The Sunday News
Pathisa Nyathi, Cultural heritage
IN the last article we attempted the identification of a single basic unit that is repeated within the gigantic circle of stone sarsens that constitute the outer and most conspicuous part of Stonehenge. That unit we identified as symbolizing a tomb, the burial site which stands as testimony to the transformation and separation of soul/spirit-in-flesh (material body) and soul/spirit as existing independently of its former material housing.
When Stonehenge is compared with the Durrington Walls the basic unit is not the same though what they express in essence is the same in so far as they share a common circular design but some difference in time scale of enduring existence. Wood is ephemeral, therefore does not represent that which Stonehenge represents-eternity.
We can’t help noticing that the centre stage is thus occupied by that which is represented by the grave. As pointed out in last week’s instalment, the researchers posit that Stonehenge is the place for the dead. I modified that a little in terms of attended importance. The site does hold graves of the dead. In that regard it is an expression and symbol of spirituality.
The site thus is a place of interaction between the dead (the biological remains in the form of the relatively more eternal bones) and the enduring spirits of the dead and the progeny of the departed ancestors. The place is thus a site of linkages, interactions and communication among related components that share a common past, identity, origin and the spiritual DNA.
In the tripartite relationship it is the living humans that make the site one of living religious significance.
Bones and spirits relate to each other as they used to prior to the transformation and separation generally referred to as death, the end of the body though not entirely as bones, due to calcification, tend to be relatively eternal. The continued relationship between the two locates the site for the living, a site where they may tap into the potency and power of the spirits.

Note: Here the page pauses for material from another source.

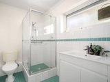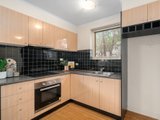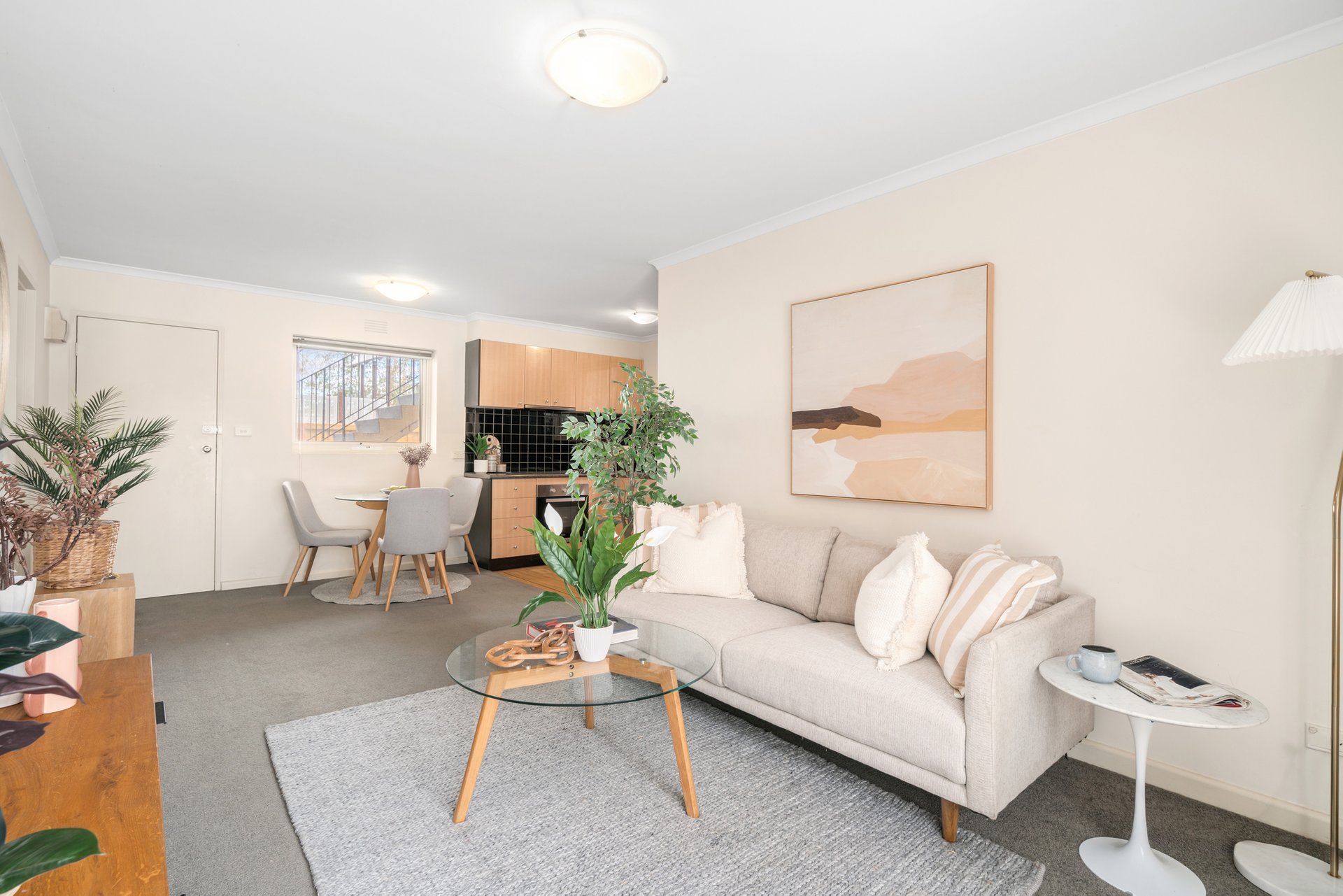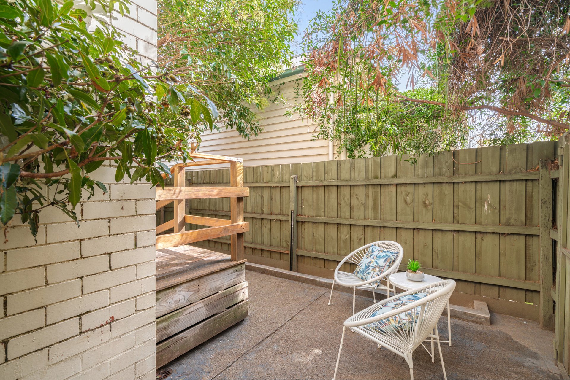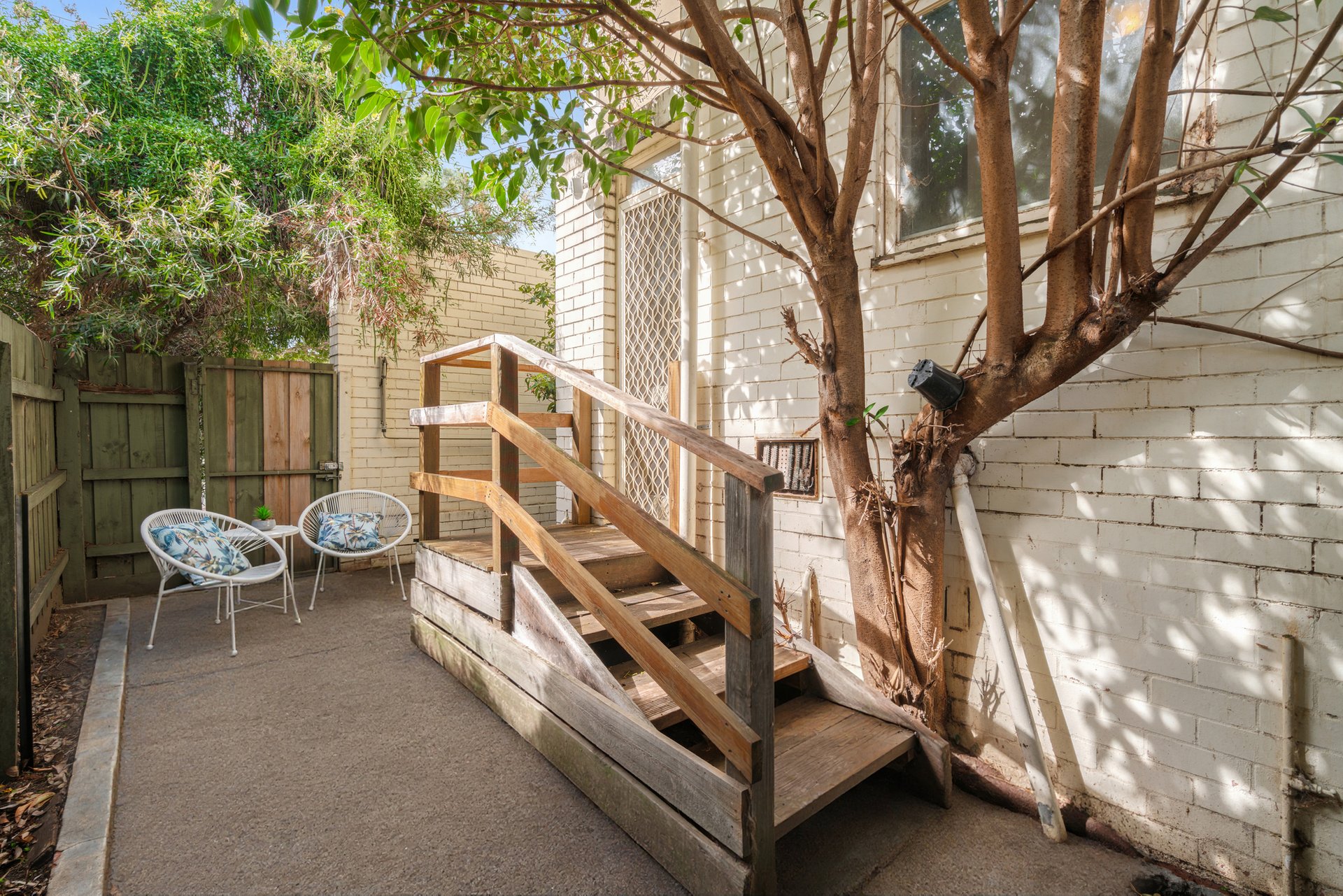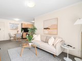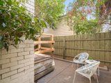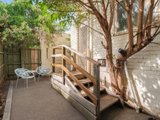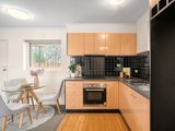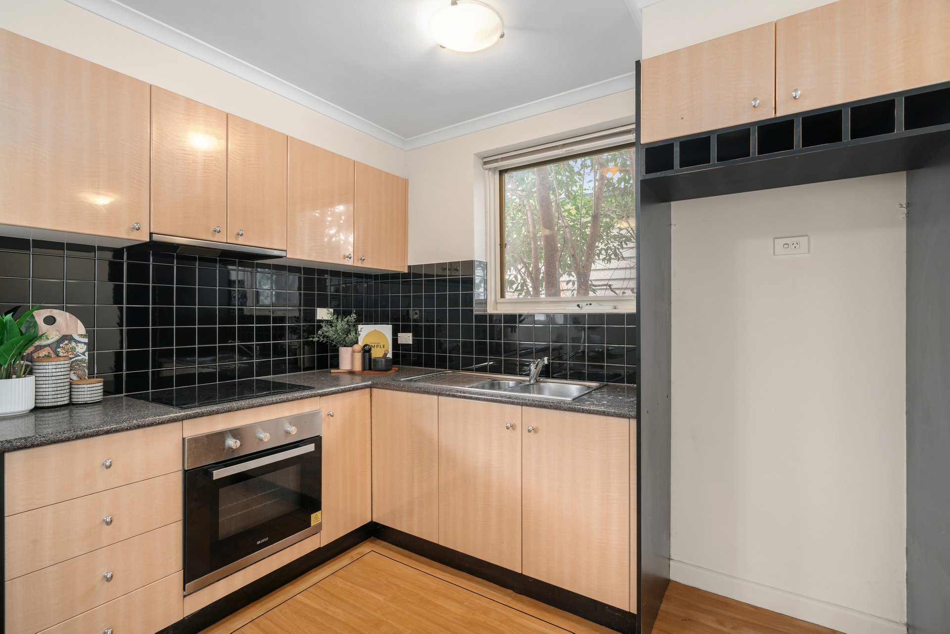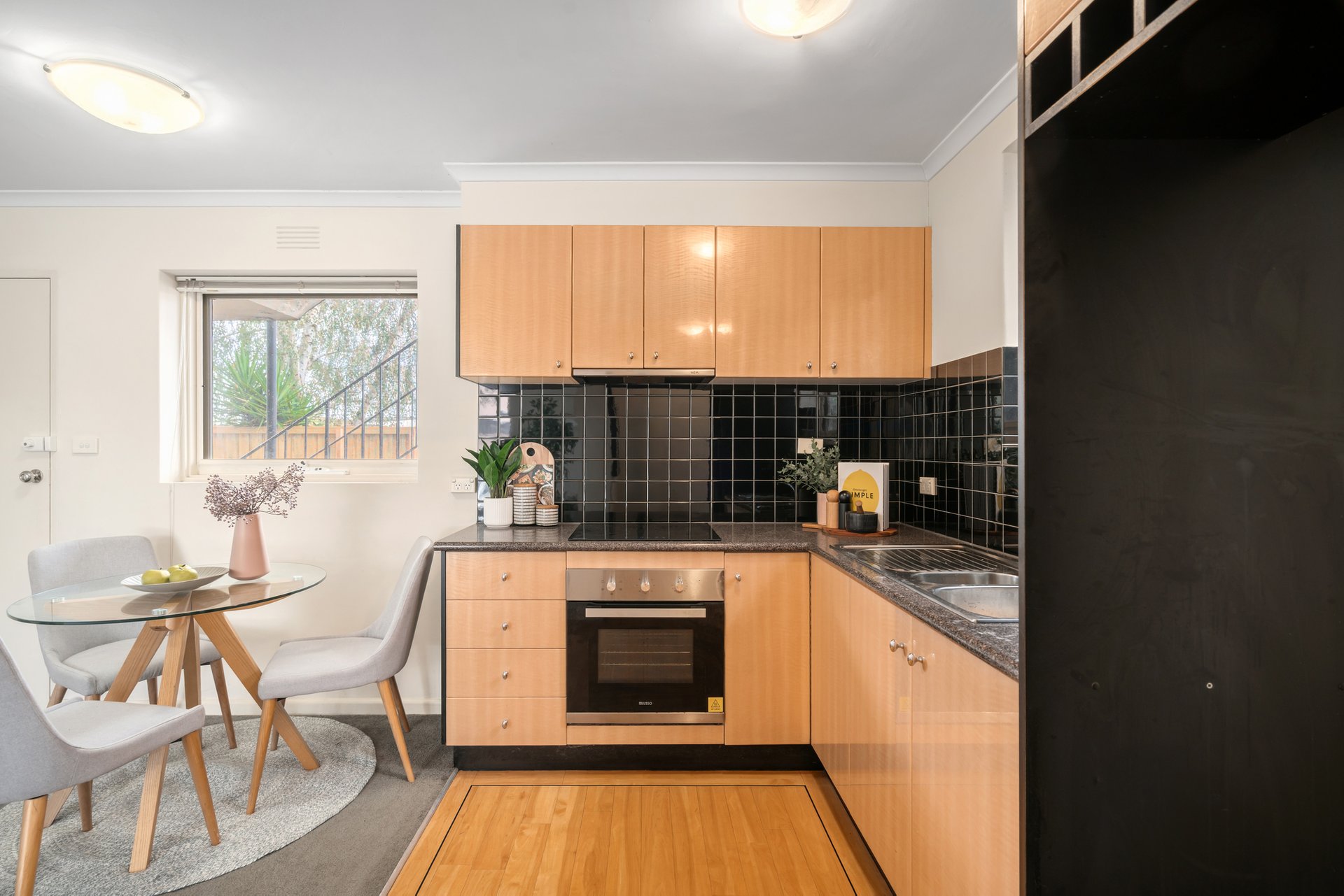 Stepping inside, the inviting open-plan living and dining domain is detailed with classic ceiling cornices and is bathed in natural light. The adjoining kitchen is efficiently designed, featuring timber-look cabinetry that contrasts against a striking black tiled splashback, and an electric oven and cooktop. A glass door from the kitchen provides seamless access to a private timber deck with steps leading down to a leafy courtyard, offering a tranquil space to relax or entertain.

This makes the site, a gigantic stone one, to represent an equally gigantic intangible idea-that of spirituality which the residents acknowledged and made use of for their own benefit. In my view therefore, the place is of the ancestors but for their living progeny who stand to benefit through the propitiation of the omnipotent spirits. It is all about the belief system.
The identification of centrality of spirituality translates to having other themes that work in tandem with the central idea of spirituality. The entire cultural landscape has to function in tandem with all the representative ideas adding to the central theme whose cultural practices are informed and underpinned by application of spirituality.
The repetition that we identified in the last article is important to give it yet another closer look. There is repetition within a single circle, for example that of the two upright sarsens with their single horizontal lintel. It is possible to count the number of repeated units in the circle. If our interpretation is right that the unit is a grave, that reinforces and reiterates the expressed idea, that of eternity, perpetuity and continuity.
The said continuity does not refer to the site on account of its stone architecture. Rather, eternity rests within the spirits that emanated from the death of the ancestors.
The fundamental belief is the endlessness and indestructibility of a soul and its spirit. It transforms and evolves through many stages till its final destination when it heads for a particular star.
This is a belief and no one has a right to think only their beliefs or scientific ideas are the sole and only truth or reality.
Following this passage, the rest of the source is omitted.